Hi all. I am a former scout, current scouter, and an occasional backpacker. My kit used to be ultralight until I spent a cold October night under a tarp in the mountains of West Virginia with too small a pad, too thin a bag, and too little sense to crawl into my hiking buddy's 5 pound tent. Silly me. My kit is still pretty light, and it now includes a sweet 7" loft down bag so cold nights are no longer a problem!
I really really like backpacking. I've taken scouts from my troop on 3 backpacking trips (and am trying to arrange a 4th in the near future) that were not part of the regular troop program. Me and some other area scouters were going and just issued an invitation to scouts and parents. Pretty good attendance: 6-10 scouts per trip, roughly half a regular troop outing. I wish the troop would schedule some backpacking trips; I have no intention of running a competing program but 12 plop and drops per year gets dull.
Our troop went on its first official backpacking trip a little while ago. Scouts camped locally Friday night and drove to the trailhead Saturday morning. I was unable to camp Friday night, and met the troop at the trailhead. I pulled some very heavy packs out of truck and asked the SM about it, and he assured me they had been inspected and were ok. We get a few hundred yards into the trek and one scout starts complaining about a heavy load so the SM distributes his gear to other scouts. (As an aside, that burned my buns as a youth AND as an adult.

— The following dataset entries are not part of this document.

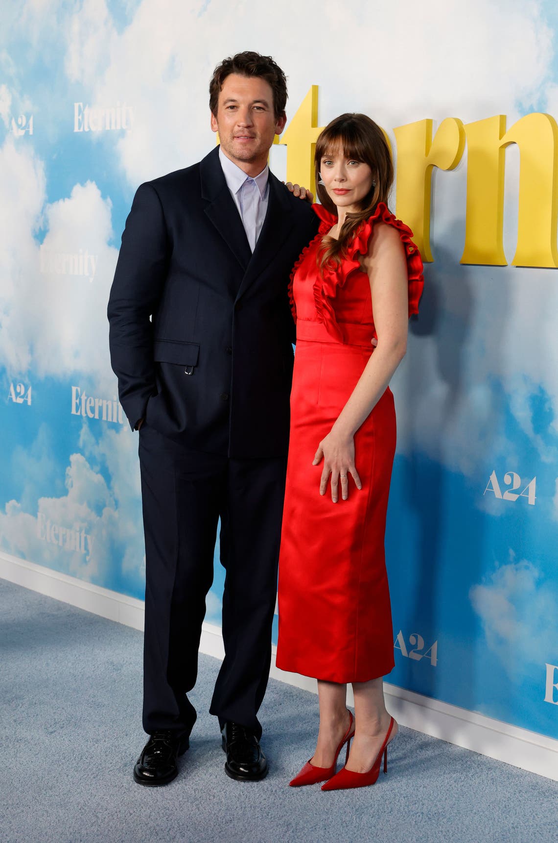 Miles Teller and Elizabeth Olsen attend the Los Angeles special screening of A24’s “Eternity” at AMC Century City 15 on November 5, 2025 in Los Angeles, California
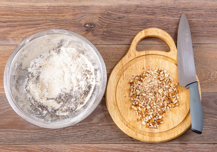 Шаг 1: Предварительно разогреть духовку до 180°C. Мелко нарезать миндаль. В глубокой миске просеять 240 г муки с разрыхлителем, добавить лаванду, миндаль и щепотку соли, тщательно перемешать.
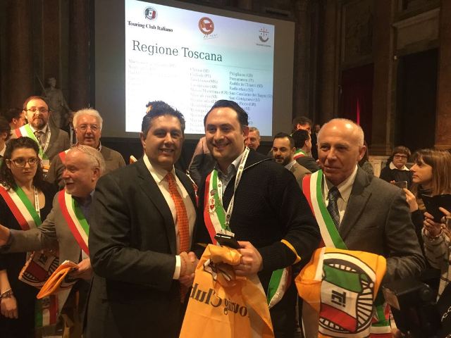 Quella di oggi è stata una giornata di grande soddisfazione per i due Comuni della Valdera, Casciana Terme Lari e Peccioli, che a Genova hanno ricevuto la conferma da parte di Touring Club del riconoscimento di Bandiera Arancione, in occasione della cerimonia di assegnazione del marchio turistico-ambientale rivolto ai piccoli Comuni italiani di eccellenza; una cerimonia speciale,  quella di questo 2018, in cui è stato festeggiato anche l’anniversario di fondazione dell’iniziativa, nata proprio in Liguria ormai venti anni fa. A ritirare il riconoscimento per Casciana Terme Lari, il Sindaco Mirko Terreni e l’Assessore al Turismo Paolo Coppini, e per Peccioli, il Sindaco Renzo Macelloni. Il marchio in questi venti anni è stato conferito o confermato soltanto all’8% delle realtà territoriali che hanno presentato la loro candidatura, con l’obiettivo di premiare, incentivare e promuovere in Italia uno sviluppo turistico sostenibile. E infatti i Comuni “candidati” sono stati oggetto di accurate analisi e verifiche finalizzate a riscontare nei vari territori la sussistenza di un’identità culturale, artistica e architettonica consolidata, la presenza di un sistema di offerta turistica e di accoglienza ben organizzato e di attività di sviluppo sostenibile.
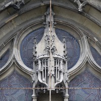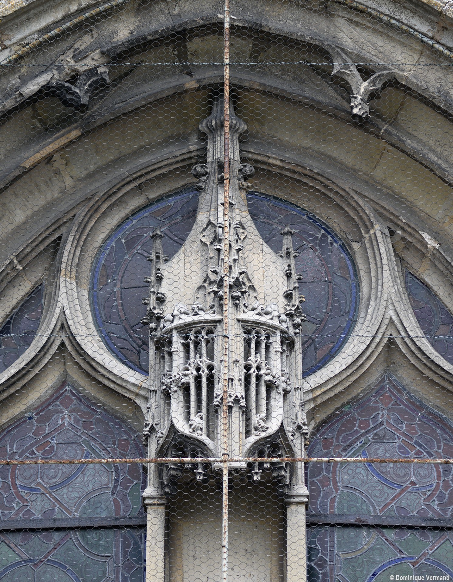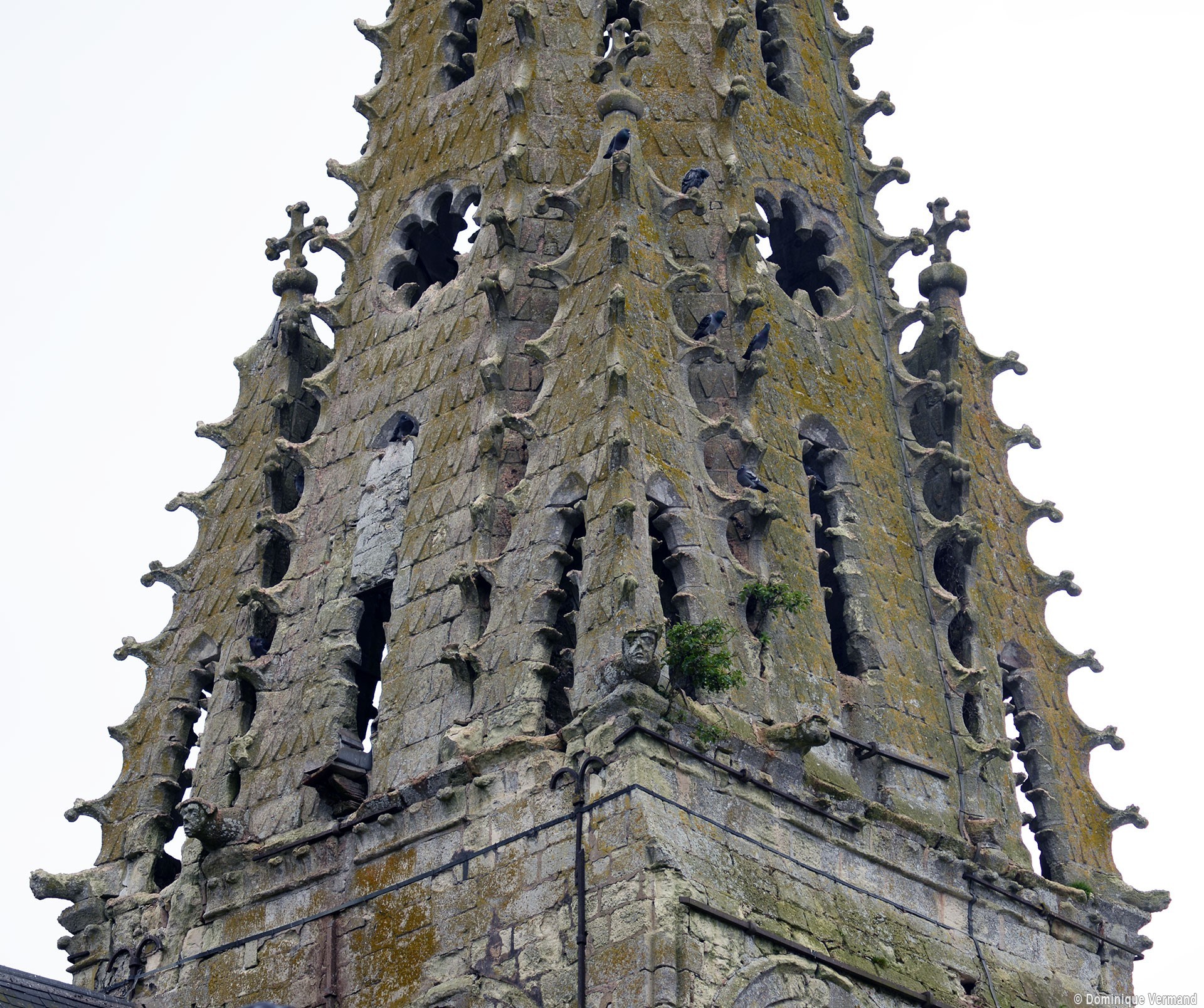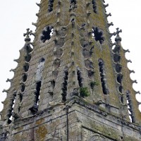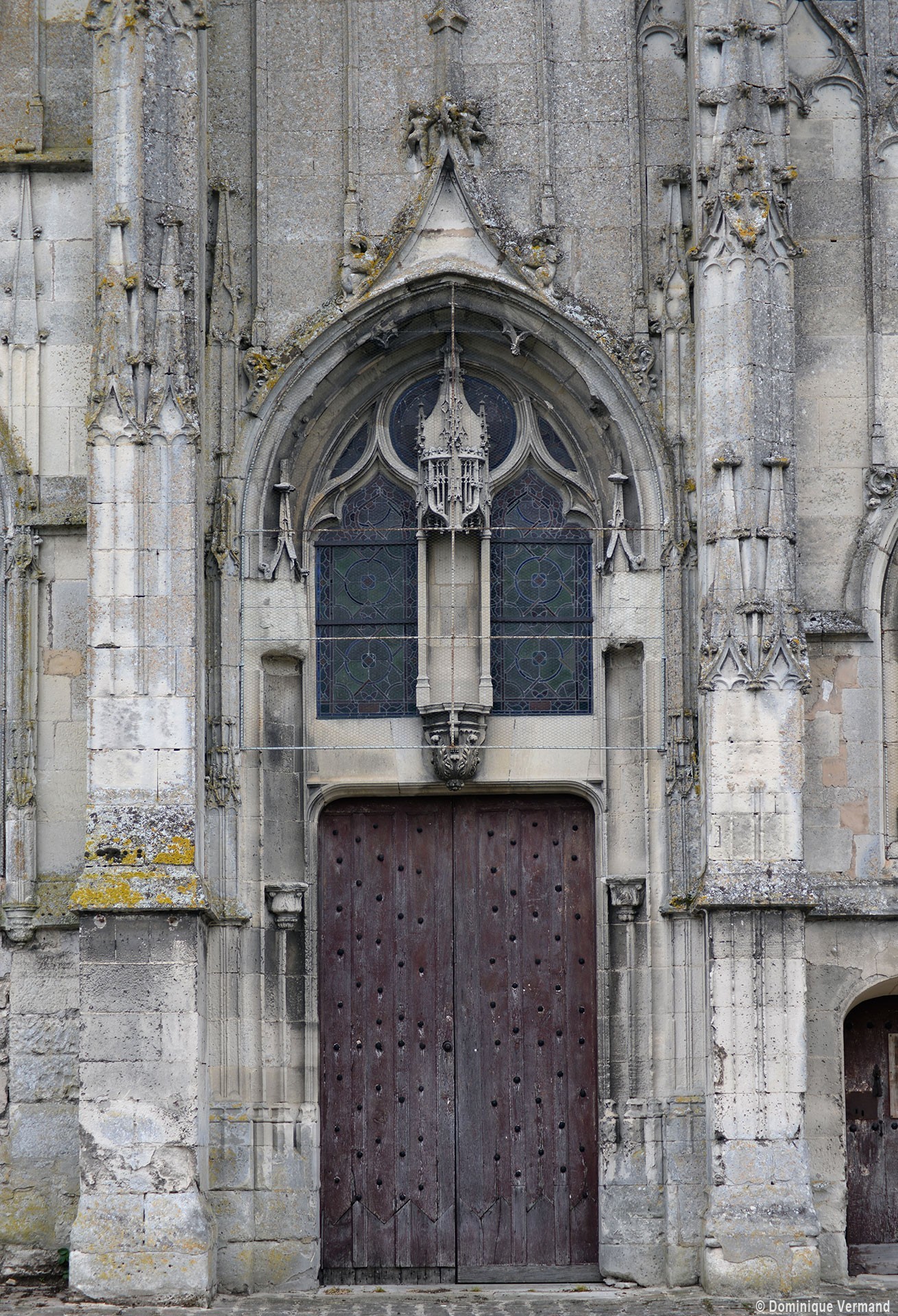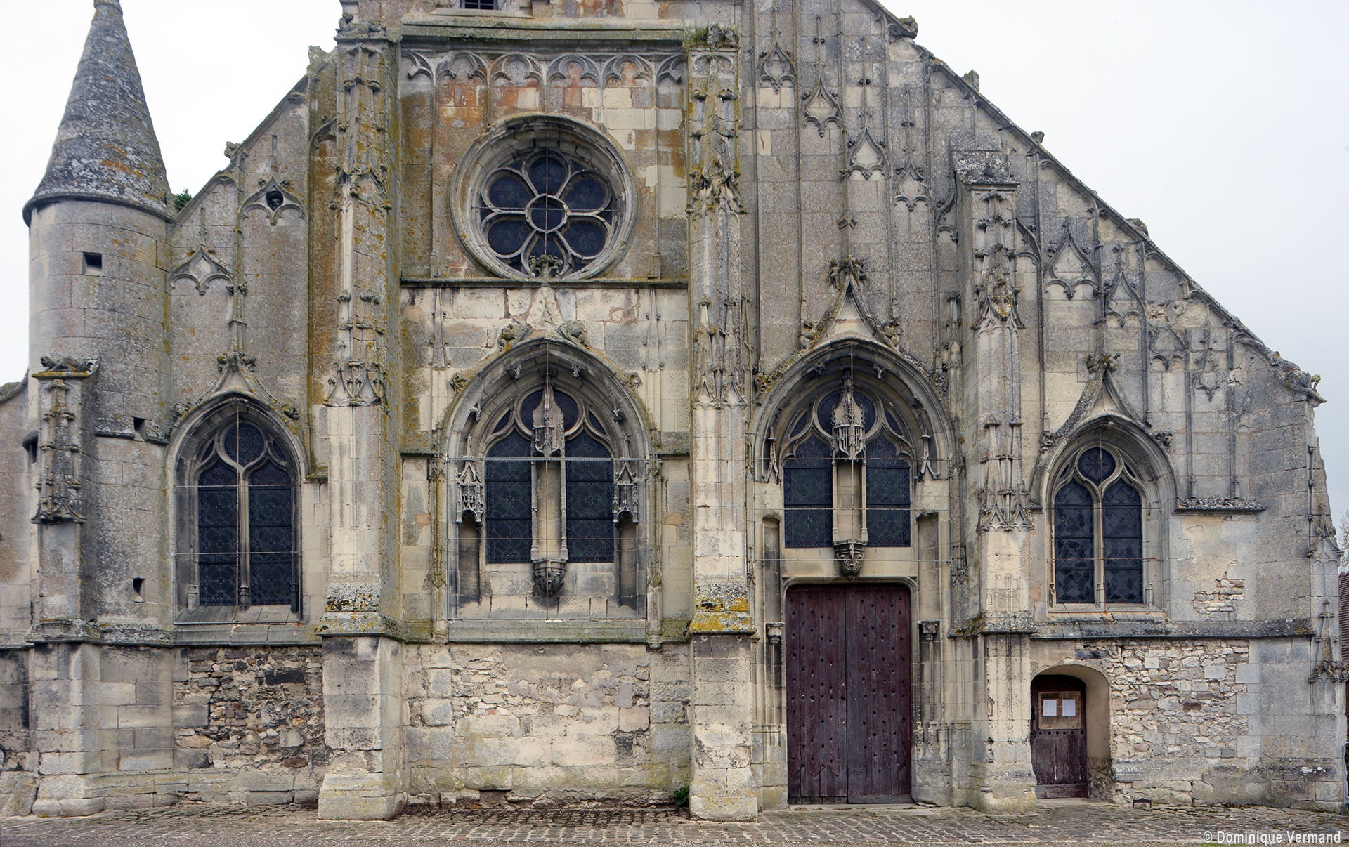 C’est également de cette époque que date la belle flèche octogonale en pierre ajourée d’ouvertures rectangulaires ou polylobées et aux arêtes garnies de crochets. Des petites pyramides occupent les angles de la tour selon un schéma classique que l’on retrouve non loin de là à Baron, Montagny-Sainte-Félicité, Versigny et Plailly, ces deux dernières bâties sans doute par le même atelier.
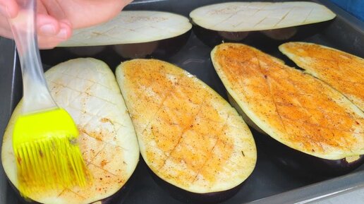Готовлю баклажаны в духовке и подаю с начинкой из сыра, сухарей, приправы и овощей (показываю рецепт приготовления)

It's literally punishing trekkers who pack well and rewarding those who don't.)
When we get to the top of the mountain, I insisted that scouts with the heaviest packs open up and show their goods. No kidding, we pulled pounds and pounds of candy out of one pack. Multiple sodas, quart bags of skittles or some such stuff, taffy, etc. No kidding: when we took out the candy there was room in the pack for the sleeping bag that heretofore had been strapped to the top. This is when I find out there was no pack inspection. The SPL didn't do one, the SM didn't do one or follow up with the SPL, and most of these scouts were first time backpackers. The SM chalked it up as a learning experience for the SPL.
I understand boy leadership and learning through experience. But at some point, a 60 pound scout with a 35 pound pack on a leaf covered mountain trail turns from a learning experience into an accident waiting to happen. A handful of scouts on this trip said they never wanted to backpack again. That made me very sad.